|Matthew Henry's Concise Commentary|
15:1-16 Eliphaz begins a second attack upon Job, instead of being softened by his complaints. He unjustly charges Job with casting off the fear of God, and all regard to him, and restraining prayer. See in what religion is summed up, fearing God, and praying to him; the former the most needful principle, the latter the most needful practice. Eliphaz charges Job with self-conceit. He charges him with contempt of the counsels and comforts given him by his friends. We are apt to think that which we ourselves say is important, when others, with reason, think little of it. He charges him with opposition to God. Eliphaz ought not to have put harsh constructions upon the words of one well known for piety, and now in temptation. It is plain that these disputants were deeply convinced of the doctrine of original sin, and the total depravity of human nature. Shall we not admire the patience of God in bearing with us? and still more his love to us in the redemption of Christ Jesus his beloved Son?
Verse 8. - Hast thou heard the secret of God? or, Hast thou been a hearer in the secret counsel of God? (comp. Jeremiah 23:18, "Who hath stood in the counsel of the Lord, and hath perceived and hoard his word? who hath marked his word, and heard it?"). No mortal man was ever admitted to the secret counsel of the Most Highest (comp. Romans 11:34). And dost thou restrain wisdom to thyself? or, Dost thou confine (appropriate) wisdom to thyself? i.e. Dost thou suppose that thou art the only wise man in all the world? (comp. Job 12:2, where Job had brought the same charge against his three friends).

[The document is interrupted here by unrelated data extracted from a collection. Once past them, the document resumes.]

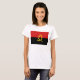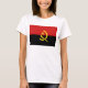 Die Vorderseite dieses T - Shirt zeigt mutig die angolanische Fahne mit ihrem markanten gelben Motiv über den roten und schwarzen Bändern. Hinter dem Bild befindet sich eine attraktive Landkarte von Angola.
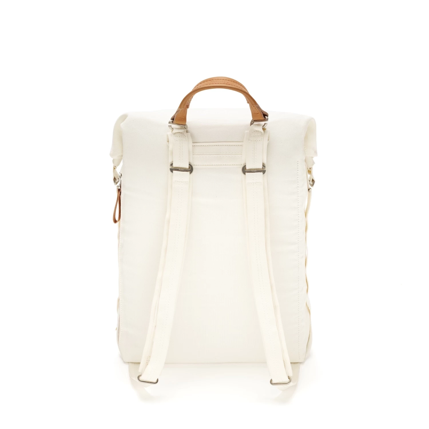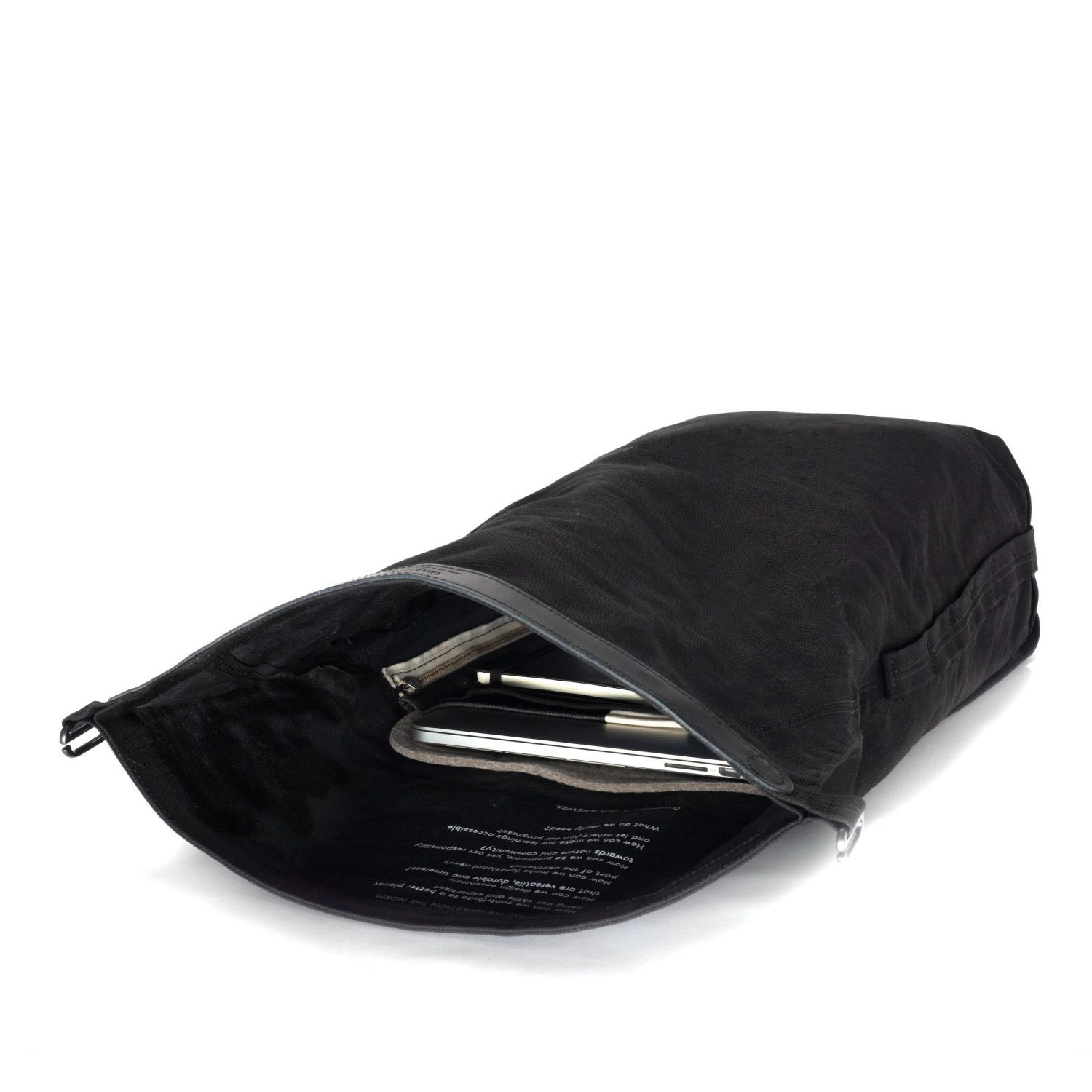 The Roll Pack is a versatile backpack that adapts to its content due to flexible roll-top closure. Large, expandable main body contains multiple inner compartments, including Merino felt lined sleeve that can fit up to 15″ laptop. YKK metal zipper features a unique cotton tape instead of the usual plastic one and allows direct access to the main compartment through side entry. The interior pockets are arranged to give frequently used items a practical spot. Adjustable backpack straps and a modular handle provide versatile carrying options. Natural beeswax treatment makes the bag water-repellent.
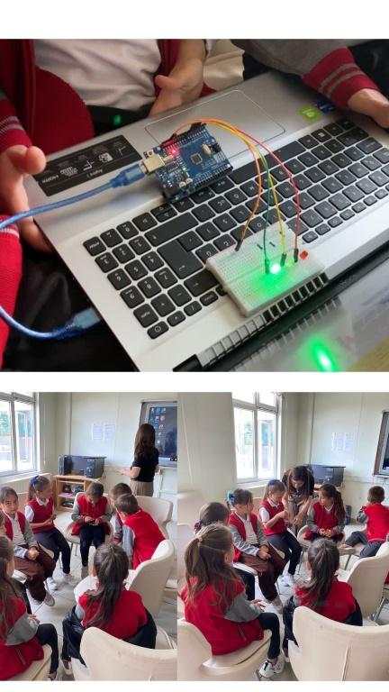 Mayıs ayında 2/A ve 1/A sınıfı öğrencileri, Arduino ile tanışarak fiziksel dünyayla kodlama arasındaki ilişkiyi keşfetti.
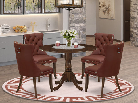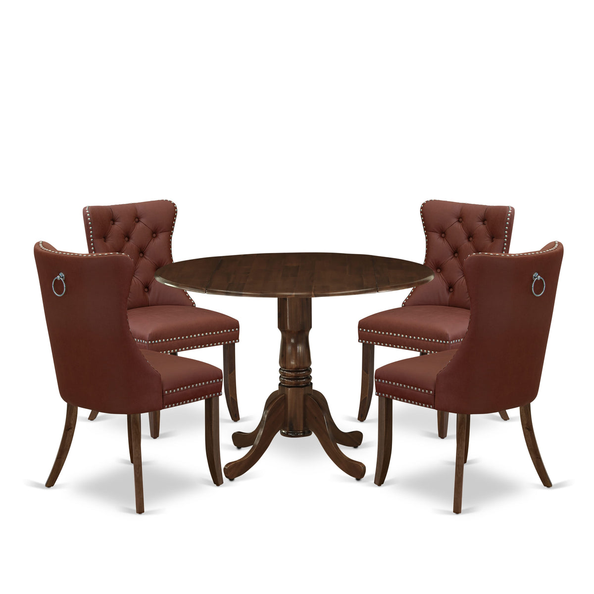 This exquisite 5-piece contemporary kitchen table set seamlessly blends elegance, strength, and practicality to elevate your dining occasions. The dining room set for your kitchen consists of a round table with a conveniently expandable Dropleaf tabletop, a robust pedestal base, and 4 kitchen dining chairs. Whether you're hosting family gatherings, entertaining friends, or simply enjoying casual meals, This collection introduces an element of sophistication to your home decor. Constructed from premium Asian wood, This dining table set features a dinner table with a charming Antique Walnut-style finish, elegantly paired with comfortable Burgundy dining chairs, each adorned with rustic Antique Walnut legs. This combination creates a charming rustic atmosphere in your dining area, establishing a cozy and welcoming environment for both your family and guests. The use of Asian wood ensures long-lasting durability, even with daily use, while The cushioned seats, upholstered in faux Leather, offer exceptional comfort, even during extended dining sessions. Assembling This kitchen table set is a straightforward task, thanks to its user-friendly design, which Includes all The necessary hardware and assembly instructions.
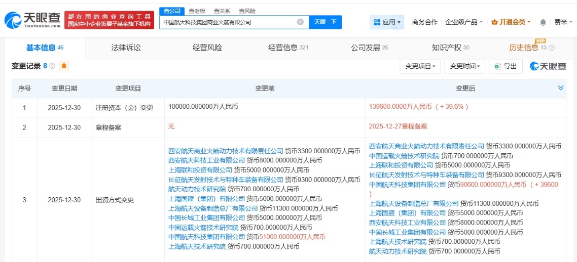 南方财经1月5日电,天眼查工商信息显示,近日,中国航天科技集团商业火箭有限公司发生工商变更,注册资本由10亿人民币增至13.96亿人民币,增幅39.6%。中国航天科技集团商业火箭有限公司成立于2024年9月,法定代表人为候正全,经营范围包括民用航天发射技术服务、火箭控制系统研发、火箭发动机研发与制造、火箭发射设备研发和制造等。股东信息显示,该公司由中国航天科技集团有限公司、上海航天设备制造总厂有限公司、长征航天发射技术与特种车装备有限公司等共同持股。

Gill's Exposition of the Entire Bible
Hast thou heard the secret of God?.... Or, "in the secret of God" (a), in his cabinet council, what was said and done there? hast thou stood in the council of God? hast thou been one of his privy council, or counsellors, and been let into all the secrets of God, of his purposes and providence, and into the reasons of all his administrations, that thou talkest so freely, and boldly, and confidently as thou dost? Indeed Christ, the son of God, was the Angel of the great council; the counsel of peace was between him and his Father; yea, he was in his bosom, and privy to all his thoughts, designs, and decrees, and knew everything, what would be, and the reasons thereof; as well as the nature of his Father, his perfections, mind, and will, which he has declared: but could Job pretend to this, or anything like it? no, surely. Indeed there are some secrets of God which he makes known to his people, and no doubt, in some measure, Job was acquainted with them; such as the secrets of God's love, and of the covenant of his grace, which are with them that fear him; and such an one Job was, and with whom, in times past at least, the secret of God was, even his everlasting love in the open manifestation of it to him; which is a secret in the heart of God, till revealed and shed abroad in the hearts of his people; and so the "mysteries" of God, as some render the word, the doctrines of the Gospel, the mysteries of the kingdom of heaven, the knowledge of them, is given to the sons of men; Job was acquainted with them, with the incarnation of Christ, redemption by him, and the resurrection of the dead; the secrets of Providence, though they may not always be known now, they will be hereafter; yea, God does nothing but he reveals his secrets to his servants the prophets Amos 3:7, as he did to Abraham his friend; and as for the purposes of God, which are the secret things that belong to him, and can never be known unless revealed, and when fulfilled, even those, such as relate to the election of men, their redemption by Christ, and the effectual calling, are made known by God's saving and calling them according to them:
and dost thou restrain wisdom to thyself? not keep it to himself without communicating it to others, which to do is to imprison the truth, and detain it in unrighteousness; as men have freely received, they should freely give; but he arrogated and ascribed wisdom to himself, monopolized it, and would allow no man to have any share of it but himself; he reckoned so highly of himself, as if he was the only wise man in the world; thus what he charged his friends with Eliphaz retorts upon himself, Job 12:2; as he does his own words in Job 15:9.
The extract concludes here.